The dataset for this GBS is available on NCBI SRP009896 and there are 91 SRRs associated with it. The metadata for these SRRs are available on CyVerse Data Commons, at this location:
1
/iplant/home/shared/panzea/genotypes/GBS/v27/
Specifically, you will need AllZeaGBSv2.7_publicSamples_metadata20140411.xlsx
file present in that directory. This file is essential not only to demultiplex the SRR data you download, but also, if you are interested in doing downstream analyses it will tell the sample pedigree information.
Organization
The data is organized as follows:
1
2
3
4
5
6
7
8
9
stacks/
├── 1-data
├── 2-genome
└── 3-stacks
├── a-barcodes
├── b-demux
├── c-alignments
├── d-gstacks
└── e-population
Programs required
- Stacks
- NCBI-edirect
- enaBrowserTools
- BWA
- samtools
- Picard
- VCFTools
Overview
Fig 1: overview of this tutorial
Organize datasets
Fastq
First, download the 91 SRR datasets from the SRA database. For this you can use the NCBI-edirect
package to obtain the list of SRRs and then enaBrowserTools
to download them.
1
2
3
4
5
6
7
8
9
cd stacks/1-data
esearch -db sra -query SRP009896 |\
efetch --format runinfo |\
cut -d , -f 1 |\
awk 'NF>0' |\
grep -v Run > srr.ids
while read line; do
enaDataGet -f fastq -a $line;
done<srr.ids
This will generate 91 folders with single fastq (compressed) file each.
Barcodes
From the spreadsheet downloaded, you will need to extract the required information (flowcell
, lane
, barcode
, and samplename
) and generate a simple text file. You can use the SRR id for the flowcell to make the analyses simpler. If you have the same samplename
Since there will be samples with same samplename
in multiple SRR files, we need to process them separately. The combined, extracted, and cleaned barcode file is provided here in its final form for reference. If you have your own data, it is essential that you create the barcode file in similar format. This file is placed in 3-stacks
directory and it will be split into multiple files based on SRR ids.
1
2
3
4
cd 3-stacks
while read line; do
grep -Fw '$line' barcodes-gbs-data.tsv > a-barcodes/${line}-barcodes.txt;
done<../1-data/srr.ids
Genome
B73 version 4 from Gramene, download and BWA index:
1
2
3
4
5
cd 2-genome
wget ftp://ftp.gramene.org/pub/gramene/CURRENT_RELEASE/fasta/zea_mays/dna/Zea_mays.B73_RefGen_v4.dna.toplevel.fa.gz
gunzip Zea_mays.B73_RefGen_v4.dna.toplevel.fa.gz
module load bwa
bwa index Zea_mays.B73_RefGen_v4.dna.toplevel.fa
Demulitplex
Now, we are ready to start the Stacks
pipeline. We will first start by demultiplexing.
1
2
3
4
5
6
module load gcc/7.3.0-xegsmw4
module load stacks
for srr in ../1-data/SRR*; do
ID=$(basename $srr);
echo process_radtags -p ../1-data/${ID}/ -o ./b-demux/${ID}/ -b ./a-barcodes/${ID}-barcodes.txt -e apeKI -r -c -q;
done > process.cmds
Make Slurm scripts and submit makeSLURMp.py 350 process.cmds
1
2
3
4
for sub in process*.sub; do
sed -i 's/parallel -j 1/parallel -j 20/g' $sub;
sbatch $sub
done
Align reads to genome
We will use BWA program for alignments
create a run script runBWA.sh
1
2
3
4
5
6
#!/bin/bash
module load bwa
input=$1
output=$(basename $input | sed 's/.fq.gz/.sam/g')

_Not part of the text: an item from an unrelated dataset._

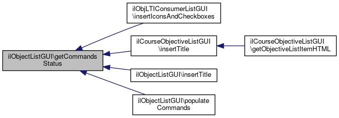 Referenced by ilObjTestListGUI\addCommandLinkParameter(), checkCommandAccess(), ilRemoteObjectBaseListGUI\createDefaultCommand(), determineProperties(), ilRemoteObjectBaseListGUI\getAsCard(), getCommandId(), ilObjFileBasedLMListGUI\getCommandLink(), ilObjGlossaryListGUI\getCommandLink(), ilObjSAHSLearningModuleListGUI\getCommandLink(), ilObjStudyProgrammeReferenceListGUI\getCommandLink(), ilObjStudyProgrammeReferenceListGUI\initItem(), ilObjCategoryReferenceListGUI\initItem(), ilObjGroupReferenceListGUI\initItem(), ilObjCourseReferenceListGUI\initItem(), initItem(), insertCommonSocialCommands(), ilRemoteObjectBaseListGUI\insertTitle(), and setConditionTarget().

index=/path/to/stacks/2-genome/Zea_mays.B73_RefGen_v4.dna.toplevel.fa
bwa mem -t 4 ${index} ${input} > c-alignments/${output}
Generate commands and submit:
1
2
3
4
5
6
7
8
for fq in $(find /path/to/stacks/3-stacks/b-demuxed -name "*.gz"); do
echo ./run-bwa.sh $fq;
done > bwa.cmds
makeSLURMp.py 350 bwa.cmds
for sub in bwa*.sub; do
sed -i 's/parallel -j 1/parallel -j 9/g' $sub;
sbatch $sub
done
Alignments will be written to c-alignments
directory.
Calling SNPs
For the GBS SNP calling pipeline, you need to have coordinate sorted bam file with readgroups added to the BAM header. We will do this using samtools
and picard
script runSort-and-addReadgroups.sh
1
2
3
4
5
6
7
8
9
10
11
12
13
14
15
16
17
18
19
20
21
22
23
24
25
#!/bin/bash
SAM="$1"
samtools view --threads 36 -b -o ${SAM%.*}.bam ${SAM}
samtools sort -o ${SAM%.*}_sorted.bam -T ${SAM%.*}_temp ${SAM%.*}.bam
module load picard
REF="/path/to/stacks/2-genome/Zea_mays.B73_RefGen_v4.dna.toplevel.fa"
ulimit -c unlimited
# example file looks like this:
# Z002E0081-SRR391089_sorted.bam
bam="${SAM%.*}_sorted.bam"
RGID=$(basename $bam | rev | cut -f 1 -d "-" | rev | sed 's/_sorted.bam//g')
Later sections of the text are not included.